Friday, June 28, 2013

Half-Year's Resolution

I read an article today from Relevant Magazine about needing a "half-year's resolution." Every New Year's we formulate a list of well-intentioned changes - things to add or subtract from our lives. We desire to make our lives fuller, better, healthier, more meaningful. But, inevitably, after a few weeks or months, our aspirations fall and fade. We say we'll try again next year and continue our unchanged lives.

So I began to think, what would my half-year's resolution be? Looking at my life right now, what do I need to be changing, how should I be living differently to better, to have a life more meaningful? While I could write a list spanning many pages of the things I need to change about myself and my life, one thing came straight to mind.

Cheesy and cliche as it truly sounds, I wish to live more in the moment, in the present. This desire is not of my own design, it is a lesson God is and has been teaching me in recent times, and one I am struggling to learn.

I'm a planner. I like to know what is going on so I can be prepared for it, often to a point that I am sure frustrates the people around me. I'm also a go-with-the-flow type, and these conflicting traits become very confusing at times. But I digress...

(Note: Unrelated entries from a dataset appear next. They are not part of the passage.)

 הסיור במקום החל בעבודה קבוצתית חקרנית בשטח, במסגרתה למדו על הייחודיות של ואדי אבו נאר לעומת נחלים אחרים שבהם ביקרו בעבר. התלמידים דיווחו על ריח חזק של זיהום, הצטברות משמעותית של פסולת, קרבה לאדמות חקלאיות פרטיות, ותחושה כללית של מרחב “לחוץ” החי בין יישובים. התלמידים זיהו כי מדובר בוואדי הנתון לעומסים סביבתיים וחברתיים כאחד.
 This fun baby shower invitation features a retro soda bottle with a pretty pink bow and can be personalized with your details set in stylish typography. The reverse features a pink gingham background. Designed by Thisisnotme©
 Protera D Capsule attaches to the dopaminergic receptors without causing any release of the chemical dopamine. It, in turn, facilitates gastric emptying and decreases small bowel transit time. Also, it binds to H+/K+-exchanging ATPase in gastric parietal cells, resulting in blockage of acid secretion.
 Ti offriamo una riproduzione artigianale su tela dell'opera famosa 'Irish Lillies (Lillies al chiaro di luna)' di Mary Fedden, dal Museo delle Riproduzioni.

Recently my life has been full of unknowns and buckets of stress dumping down on my head and piling up on my shoulders. The great weight of this burdensome stress and worry has grown heavier and heavier. I try to dig myself out, clinging to the voice of God saying "trust Me, trust Me," but as my ears are covered by my stress and worry, the voice grows fainter and fainter.

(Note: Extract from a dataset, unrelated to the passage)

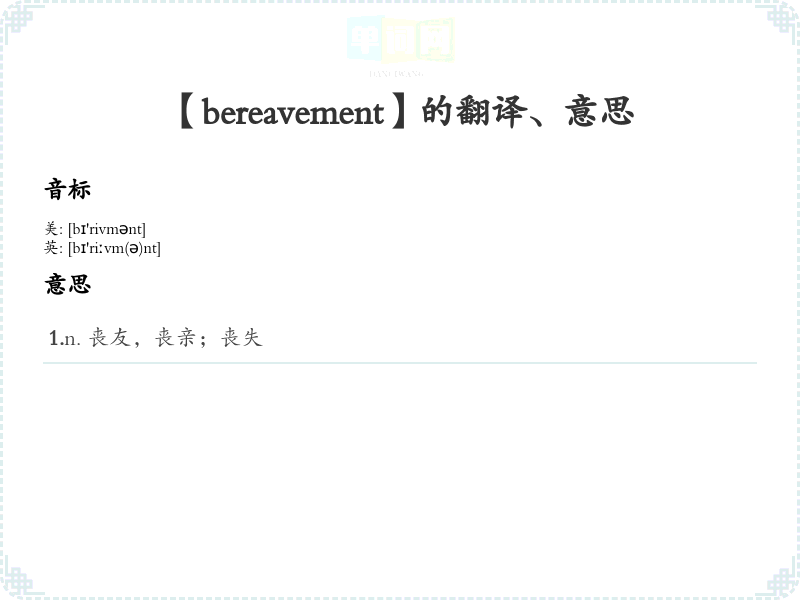 - 谐音联想记忆:将“bereavement”与“悲(bei)”和“离(li)”相结合,联想成“悲伤的离去”。
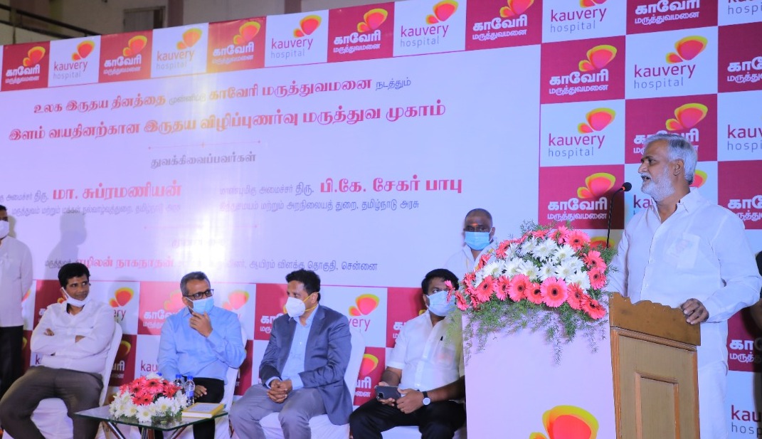 Chennai, 29th September: To observe World Heart Day Kauvery Hospital, one of the leading healthcare chains in Tamil Nadu launched free health camps. The campaign which will reach out to more younger population (below 50 years), aims to identify cardiac risks and abnormalities thereby encouraging people to lead a healthy life. The initiative was launched by Thiru P K Sekar Babu, Minister of Hindu Religious and Charitable Endowments Department and Dr Ezhilan Member of the Legislative Assembly of Tamil Nadu.

I've started calling out to myself, seeking solutions in my own abilities and strengths. I've tried to fix it all myself, figure out what I'm doing after graduation, where I'll get money, how I'll pay off loans. The solutions don't seem to be readily apparent, and so my stress grows and I stop listening to the still voice saying, "trust Me, trust Me."

Consistently, God has continued to teach me to hear His voice and cry out to Him in my darkness. He is keeping my future unknown, teaching me to live in the present, be in the moment with Him. I don't know what I'm doing after college, but I know what I'm doing right now.

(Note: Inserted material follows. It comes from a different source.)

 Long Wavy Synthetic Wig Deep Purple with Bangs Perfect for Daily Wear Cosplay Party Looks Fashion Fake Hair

If all of my focus and attention is on the future, I cannot truly serve and love Jesus and those around me, and that is truly my heart's desire.

The future will come, and I should not be rushing into it, or even thinking about it. "Do not worry about tomorrow," such an important command from Jesus to His disciples, and one I am reminded of everyday when I look at the sparrow on my side.

If I'm constantly wondering what the future holds, I can't be here, I can't be now. And living is an active word.